Searches and Seizures in Society



The article that was posted on the New York Times website was about the ruling of a case through police misconduct. The officer pulled over a gentleman, known as Bradley Harrison, who was driving a rented vehicle with over seventy-seven pounds of cocaine in the back of his vehicle. When the police officer pulled him over due to missing a front-end license plate, which is acceptable within the country of Alberta, where you’re not required to have one in the front, he began to proceed on a search on the vehicle where he found the disturbing evidence. As a result, the court system agreed to the police misconduct but not to suppress the evidence that was found in the back of Harrison’s truck (Liptak, 2008). The article goes on about different countries and their methods of police misconduct and how they don’t suppress evidence due to police misconduct. However, the United States tends to be the only country that suppresses evidence immediately after police misconduct has been found, due to the act of the exclusionary rule.

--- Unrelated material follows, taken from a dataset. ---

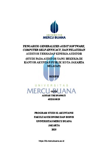 TRESNAWATI, AISYAH (2025) PENGARUH GENERALIZED AUDIT SOFTWARE, COMPUTER SELF-EFFICACY, DAN PELATIHAN AUDITOR TERHADAP KINERJA AUDITOR (STUDI PADA AUDITOR YANG BEKERJA DI KANTOR AKUNTAN PUBLIK KOTA JAKARTA SELATAN). S1 thesis, Universitas Mercu Buana Jakarta.

The exclusion of evidence should never occur in any case which evidence is found. If police misconduct is found, even if the people have the right from unlawful searches, the officer should be tried for misconduct where he would receive a hearing to maintain his badge or lose it and be required to some sort of training or punishment for the violation of civil rights. As for the victim, the victim should never be released to police misconduct or a violation of their rights. However a strong, reduced sentence for the violation he or she has committed should be sufficient because of the fact that he was still doing something completely illegal in the country’s eyes. As for the exclusionary rule, it should be set to scale depending on the violation. For example, if the officer who performed the misconduct found a small amount of drugs within your vehicle, it should be easy enough to say that it’s not that big of a deal but suggest that they should really receive some help. However if police misconduct is found and you found a bomb in the vehicle lets say, to exclude such evidence towards the individual would be a little harder than the case of a small amount of drugs.

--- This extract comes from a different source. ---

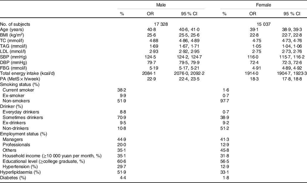 Participant characteristics delineated by sex are summarised in Table 1. A total of 32 365 participants (17 328 men and 15 037 women) were enrolled in the cross-sectional study, and the prevalence of HUA was 14·10 % (21·17 % in men and 5·93 % in women). Compared with females, males had a higher BMI, total cholesterol, TAG, LDL, systolic BP, diastolic BP and fasting blood glucose. They were also more likely to engage in PA, consumed more total energy and had higher sweet food pattern score and animal food pattern score. In addition, males were more likely to be smokers and drinkers. Compared with females, males were more highly educated, were more likely to be managers, had a higher income and had a higher prevalence of hypertension, hyperlipidaemia and diabetes.

In April 2007, a law enforcement officer heard that a woman, Charlotte Yvonne Turner, who was on parole for having sold drugs, was selling cocaine. Shortly after, the officer pulled her over for driving without a seatbelt, which he later admitted to being a pretext. His intentions were to find drugs. During the stop, he searched her and found a large sum of cash. The officer and his partner believed it had come from selling drugs, and they decided to search her house. During the search, they found a loaded gun. They charged Turner with being a felon in possession of a handgun (Carey, 2009). The warrantless search described in this case is a combination of two different forms of an automobile search. The officer both searched the driver and performed a pretext stop. “A pretext stop is one in which police officers stop a car because they suspect the driver is involved in a crime such as drug trafficking, but, lacking probable cause, they use a pretext such as a minor traffic violation to stop the car and search its interior” (Siegel, 2009). Officers are allowed to search the driver and the passenger of a car in order to secure their own safety. The officer did not obtain a warrant due to the fact that he had probable cause at the moment to search Turner. The judge ruled that the search in the home was unlawful, and the Court of Criminal Appeals supported his decision. The Supreme Court then overturned the judge’s ruling and ordered the case back to court. On October 15, 2009, the Supreme Court ruled that “people on probation should not expect the same degree of legal privacy enjoyed by private citizens who have not been convicted of a crime” (Carey, 2009). This ruling increased the power of Tennessee law enforcement, regarding warrantless searches.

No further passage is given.